POSTED: March 31, 2019
 
 
 
 
 

In a supermarket in Dubai I discovered this packet of breakfast cereal, and I stopped to look at it for so long that I ended up buying it.

The employer of Tony the Tiger and Snap, Crackle & Pop, have decided to move into the organic breakfast market. The top of the packet declares that it contains Plant Power as opposed, presumably, to those old fashioned meat-based breakfast cereals.

The back of the packet uses a quaint mixture of typefaces and sizes which I will not try to emulate to shout out loud:

Let’s come together for food to champion healthy lifestyles through nutricious uplifting plant-based foods; to never stop exploring, innovating & improving; to continue giving back to our communities and the planet we borrow from

I checked online and this forms just one of a whole new range of cereals, all dressed up to look like they have sprung from some small startup seeking to “disrupt the breakfast cereal market”. Kelloggs have dropped everything recognisable about their last fifty or sixty years of branding.

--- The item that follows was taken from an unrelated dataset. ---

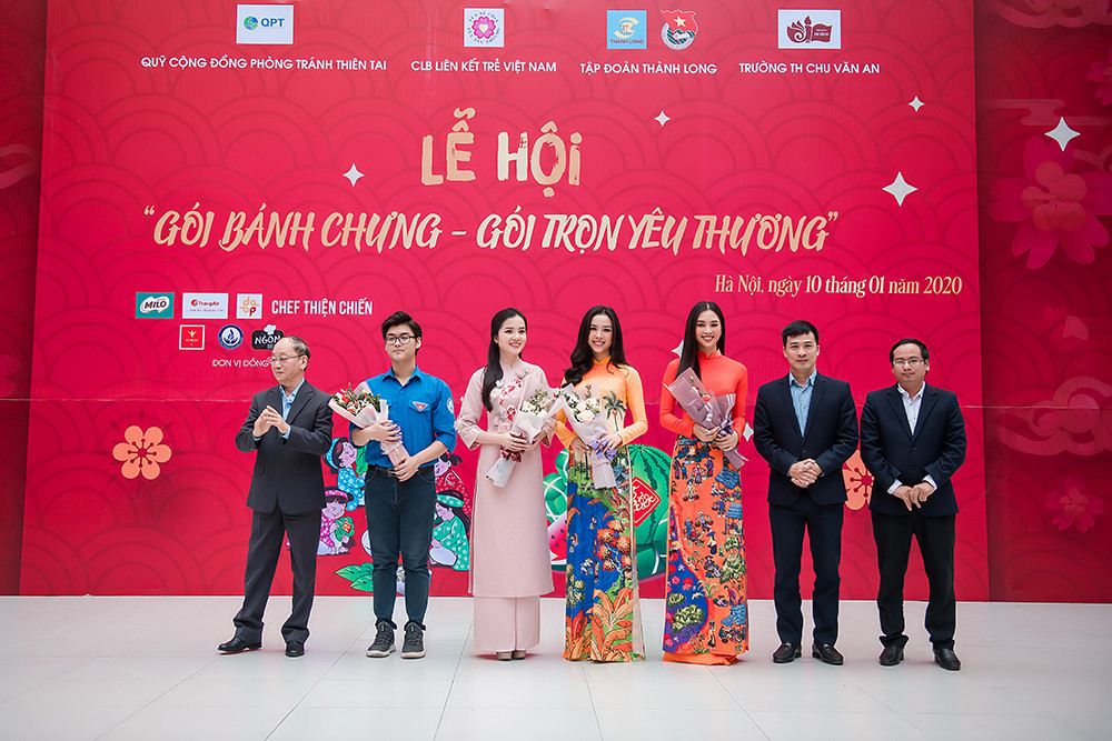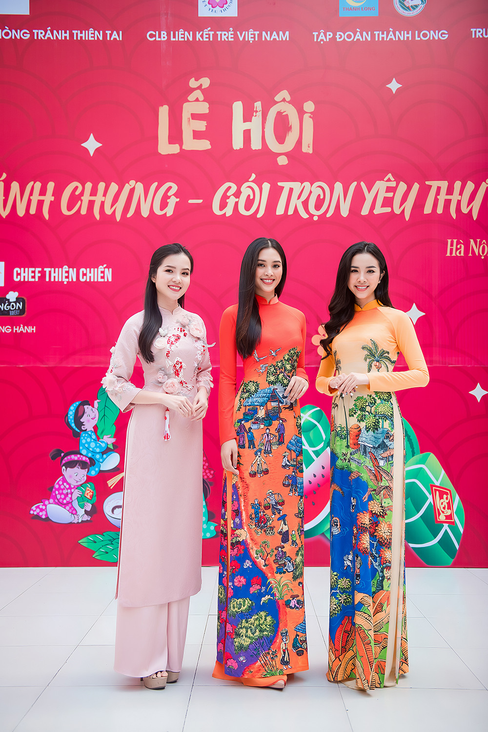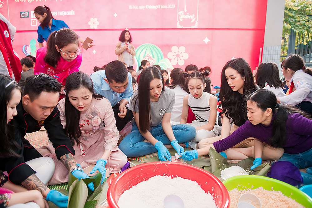 Đặc biệt hơn, sau khi kết thúc phần lễ các nàng hậu liền thay đổi trang phục giản dị để tham gia vào hoạt động gói hàng bánh chưng cùng nhiều bạn nhỏ. Đây cũng là dịp để các người đẹp hiểu rõ hơn về những phong tục truyền thống trong ngày Tết Việt.

Not only has the logo gone but the highly recognisable colour palette has completely diappeared.

When I saw this I wondered if this constituted a far-seeing pre-emptive attempt to reposition their cereal business for when sugar inevitably follows tobacco into social oblivion. (You can find a brief and interesting history of the breakfast cereal at Mental Floss.)

They have managed to leverage a certain degree of authenticity in this effort because Will Keith Kellogg “was a member of the Seventh-day Adventist Church and practiced vegetarianism as a dietary principle taught by his church”. They can therefore claim that this new emphasis counts as returning to their roots.

Let’s see how this plays out: whether their current customers will go organic or whether the current wholefood market will embrace Kellogg.